WHAT IS EXPECTED: Write out every record below exactly, leaving the pictures out.

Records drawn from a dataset

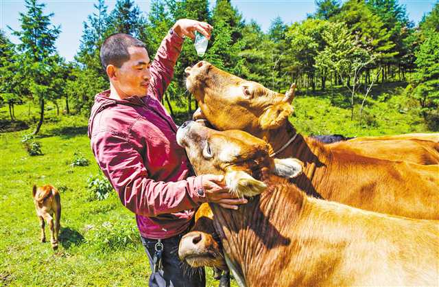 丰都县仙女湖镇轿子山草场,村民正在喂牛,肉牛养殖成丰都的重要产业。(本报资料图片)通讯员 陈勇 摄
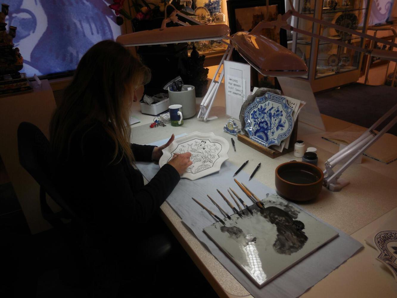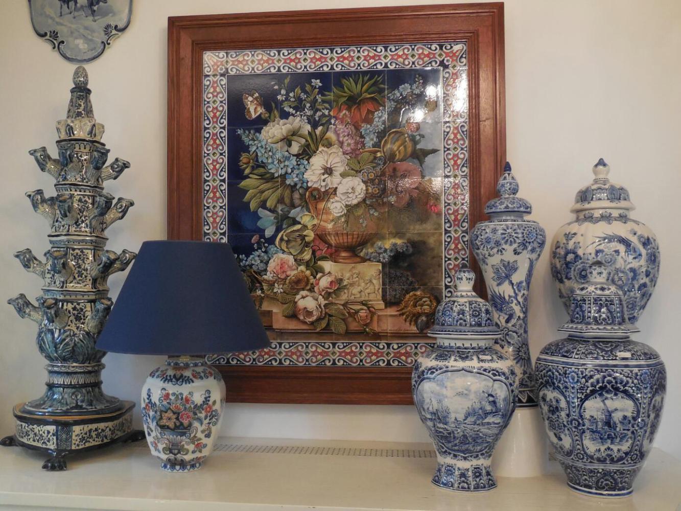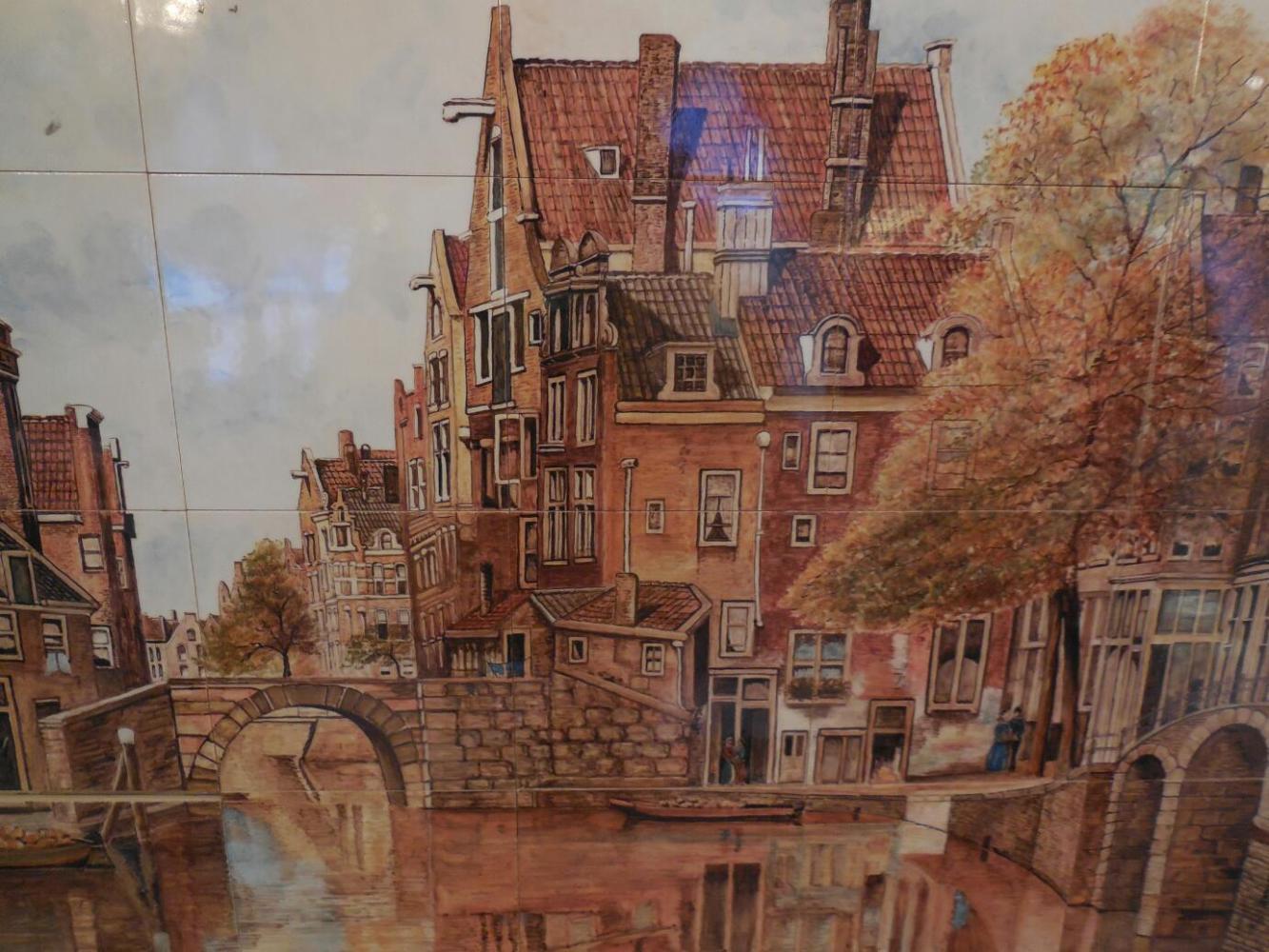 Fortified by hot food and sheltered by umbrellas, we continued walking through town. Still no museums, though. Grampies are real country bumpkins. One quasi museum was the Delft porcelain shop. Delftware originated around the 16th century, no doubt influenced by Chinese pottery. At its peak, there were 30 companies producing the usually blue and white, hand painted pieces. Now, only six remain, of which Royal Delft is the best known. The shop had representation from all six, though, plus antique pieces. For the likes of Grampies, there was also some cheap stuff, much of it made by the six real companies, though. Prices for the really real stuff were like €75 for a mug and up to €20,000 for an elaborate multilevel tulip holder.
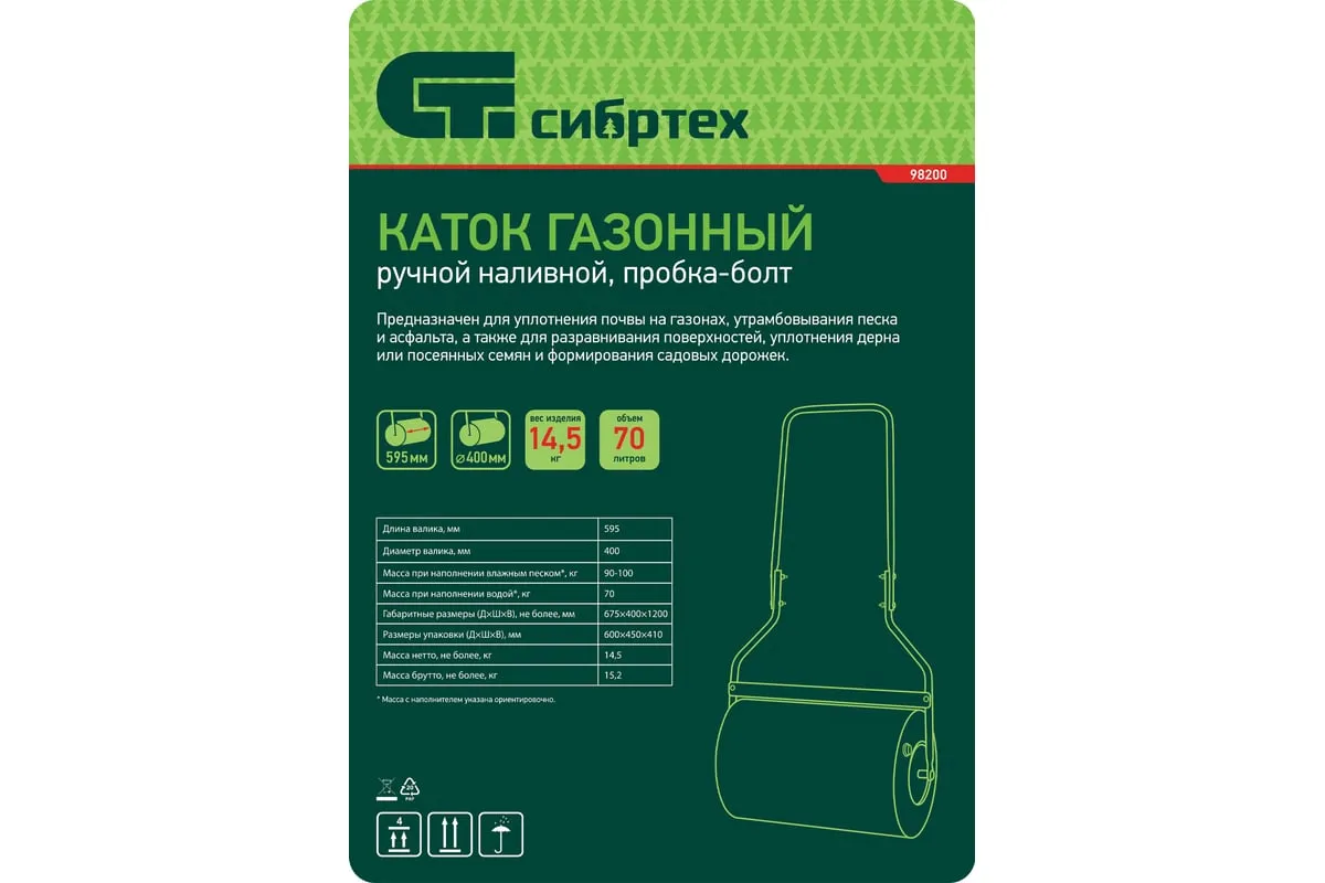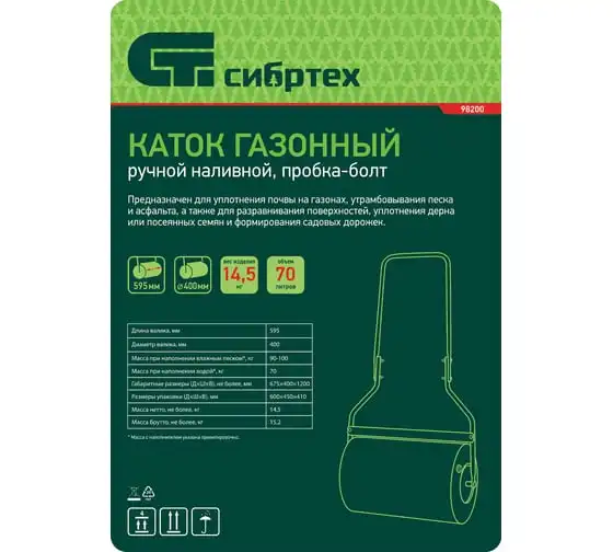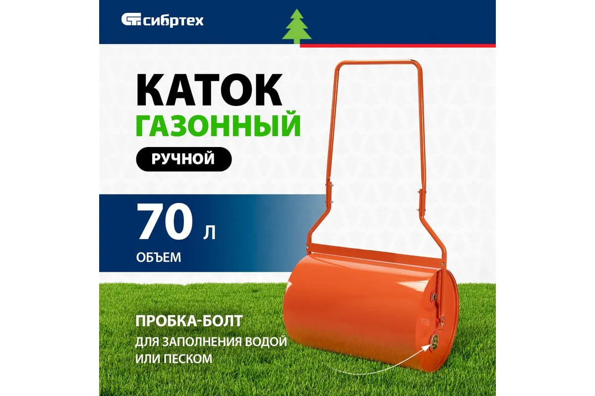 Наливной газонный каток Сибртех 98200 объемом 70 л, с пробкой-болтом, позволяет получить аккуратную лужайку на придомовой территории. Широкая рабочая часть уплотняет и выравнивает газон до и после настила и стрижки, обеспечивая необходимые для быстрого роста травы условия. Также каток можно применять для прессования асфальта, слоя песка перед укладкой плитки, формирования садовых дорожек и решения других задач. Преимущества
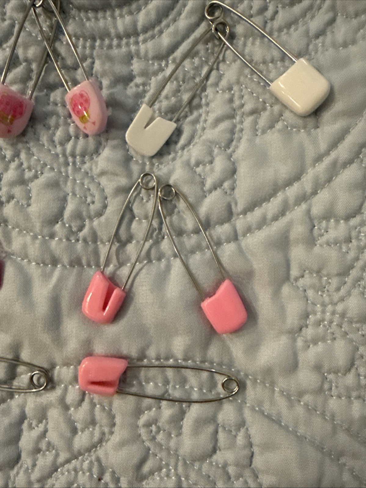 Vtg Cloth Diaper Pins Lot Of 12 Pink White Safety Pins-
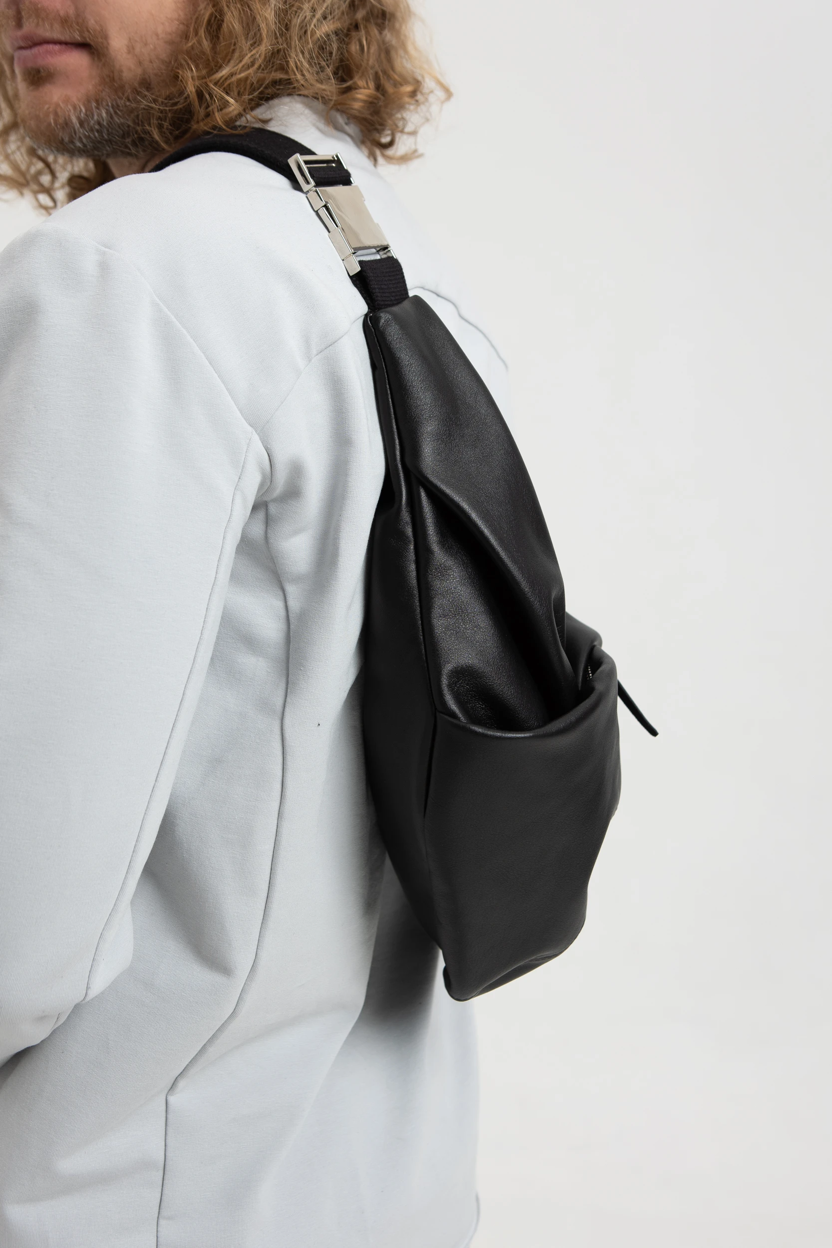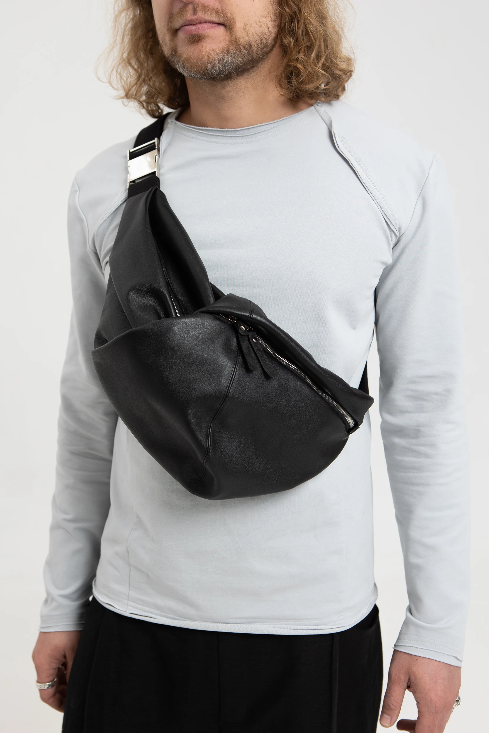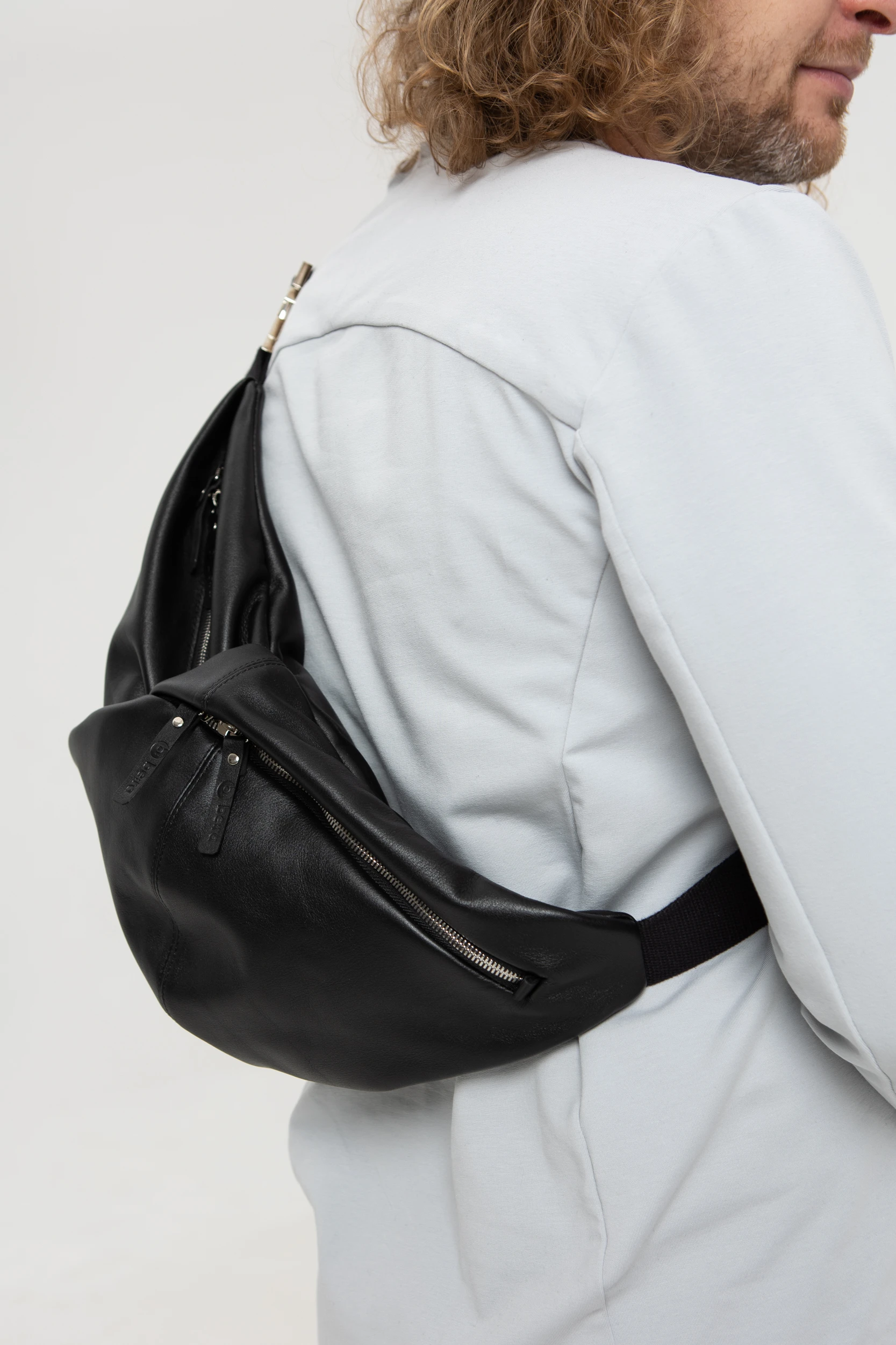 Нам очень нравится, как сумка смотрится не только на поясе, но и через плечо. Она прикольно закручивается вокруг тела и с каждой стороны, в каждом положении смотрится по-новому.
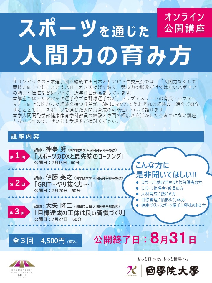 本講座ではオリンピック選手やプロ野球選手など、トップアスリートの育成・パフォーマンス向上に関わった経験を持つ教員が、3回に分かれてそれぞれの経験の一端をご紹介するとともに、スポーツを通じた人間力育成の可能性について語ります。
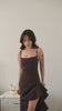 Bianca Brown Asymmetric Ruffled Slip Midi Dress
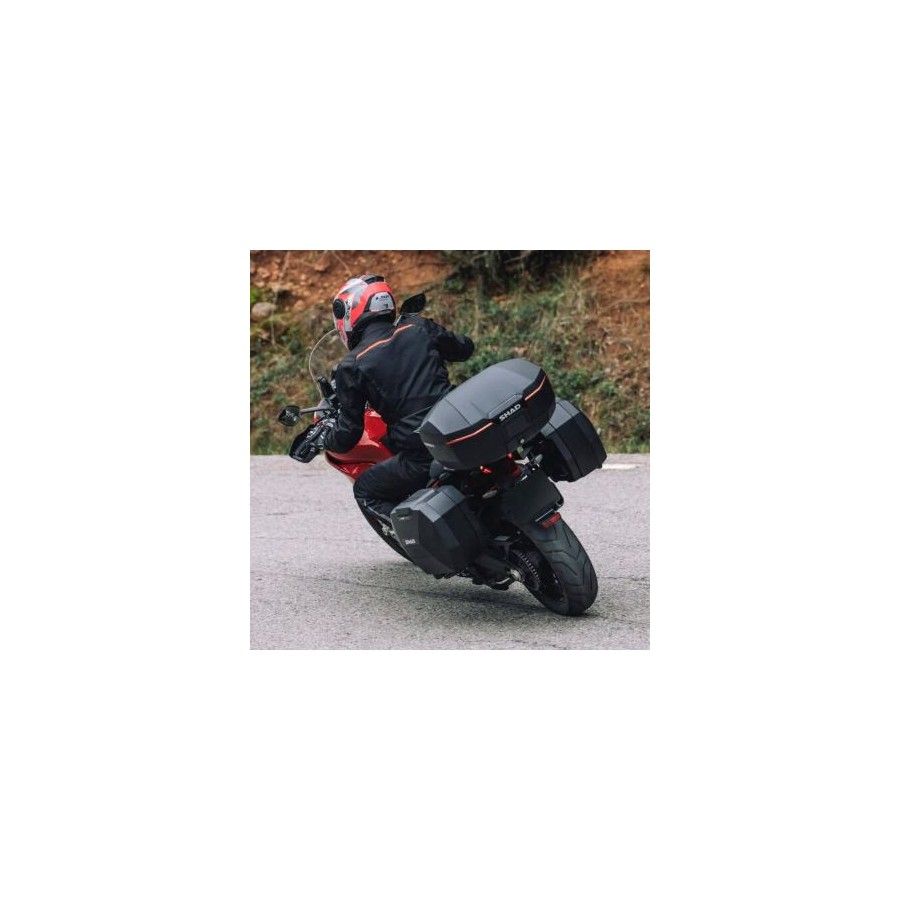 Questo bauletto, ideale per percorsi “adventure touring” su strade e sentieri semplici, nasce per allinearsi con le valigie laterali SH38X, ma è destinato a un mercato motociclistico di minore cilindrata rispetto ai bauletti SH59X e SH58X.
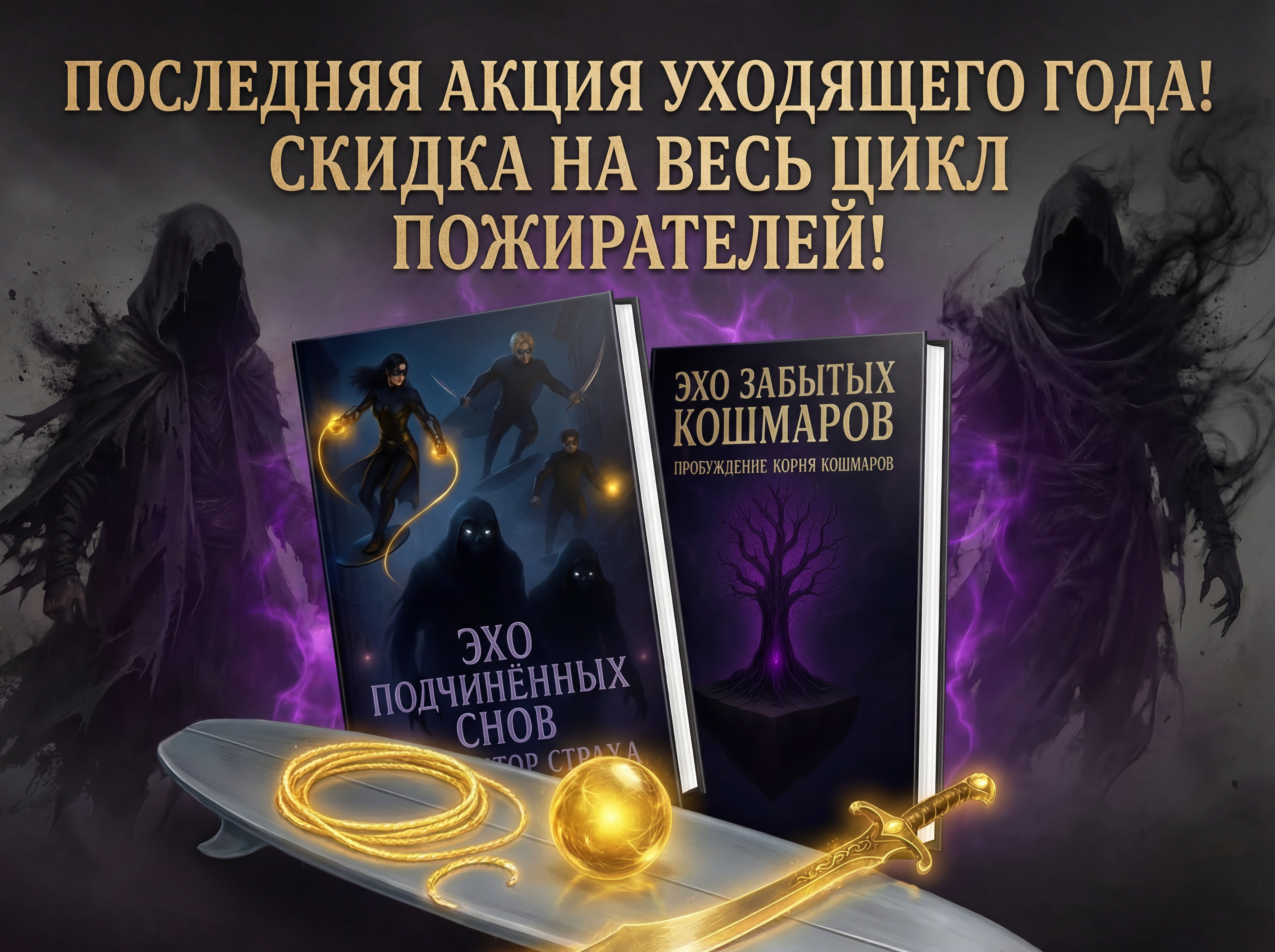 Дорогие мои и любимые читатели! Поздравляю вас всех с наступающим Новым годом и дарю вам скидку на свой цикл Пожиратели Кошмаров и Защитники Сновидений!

SOLUTION FOR THIS TASK:
 丰都县仙女湖镇轿子山草场,村民正在喂牛,肉牛养殖成丰都的重要产业。(本报资料图片)通讯员 陈勇 摄
 Fortified by hot food and sheltered by umbrellas, we continued walking through town. Still no museums, though. Grampies are real country bumpkins. One quasi museum was the Delft porcelain shop. Delftware originated around the 16th century, no doubt influenced by Chinese pottery. At its peak, there were 30 companies producing the usually blue and white, hand painted pieces. Now, only six remain, of which Royal Delft is the best known. The shop had representation from all six, though, plus antique pieces. For the likes of Grampies, there was also some cheap stuff, much of it made by the six real companies, though. Prices for the really real stuff were like €75 for a mug and up to €20,000 for an elaborate multilevel tulip holder.
 Наливной газонный каток Сибртех 98200 объемом 70 л, с пробкой-болтом, позволяет получить аккуратную лужайку на придомовой территории. Широкая рабочая часть уплотняет и выравнивает газон до и после настила и стрижки, обеспечивая необходимые для быстрого роста травы условия. Также каток можно применять для прессования асфальта, слоя песка перед укладкой плитки, формирования садовых дорожек и решения других задач. Преимущества
 Vtg Cloth Diaper Pins Lot Of 12 Pink White Safety Pins-
 Нам очень нравится, как сумка смотрится не только на поясе, но и через плечо. Она прикольно закручивается вокруг тела и с каждой стороны, в каждом положении смотрится по-новому.
 本講座ではオリンピック選手やプロ野球選手など、トップアスリートの育成・パフォーマンス向上に関わった経験を持つ教員が、3回に分かれてそれぞれの経験の一端をご紹介するとともに、スポーツを通じた人間力育成の可能性について語ります。
 Bianca Brown Asymmetric Ruffled Slip Midi Dress
 Questo bauletto, ideale per percorsi “adventure touring” su strade e sentieri semplici, nasce per allinearsi con le valigie laterali SH38X, ma è destinato a un mercato motociclistico di minore cilindrata rispetto ai bauletti SH59X e SH58X.
 Дорогие мои и любимые читатели! Поздравляю вас всех с наступающим Новым годом и дарю вам скидку на свой цикл Пожиратели Кошмаров и Защитники Сновидений!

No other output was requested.